I feel it can be more important to be confident than right, in the moment, but once that moment is over you want to correct yourself and let others know that you were wrong about x, y, or z.
Eheran@lemmy.world 1 day ago
How can that be more important? What moment?
InputZero@lemmy.world 1 day ago
Example from my week, training. This week I was training some fresh employees, one of them asked a really good question which I didn’t have an answer to at the time. I told them as much and said I’ll come back to them after the session to find an answer to their question. They were unhappy with my answer but I had a class full of people who want to get back out to do their work. The best thing to do was move on, get everyone else going then follow-up. Which I did and I learned something. My point being, sometimes it’s better to be wrong and move on than to stop everything to answer a single question. Experience has informed me what questions I have to take immediately and what ones I can circle back to.

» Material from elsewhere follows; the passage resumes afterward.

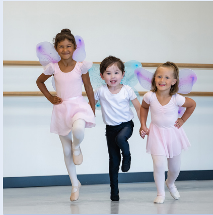
Eugene Ballet Academy

frostedtrailblazer@lemmy.zip 1 day ago
There’s lot of examples I can think of where it can be go both ways.
In an sport for instance the optimal play can be worse if not everyone is on the same page, so sometimes the decent play where everyone is on the same same page is the one a leader would want to be pushing for.
In an emergency, having a leader giving directions to keep people calm and organized can matter even if it’s not the optimal way of handling things. The opposite can be true too there though, for example if a leader is trying to have people put out a fire with a rag, water, or a broom when a fire extinguisher in present then the individual that thinks to grab and use the fire extinguisher could be demonstrating that there are times when it makes sense to override the leader.
The leader above is still doing the right thing by tackling the problem the only way they know how in the moment, but as individuals we need to be able to know when we should go along with the plan the leader puts forward or when to break from that plan.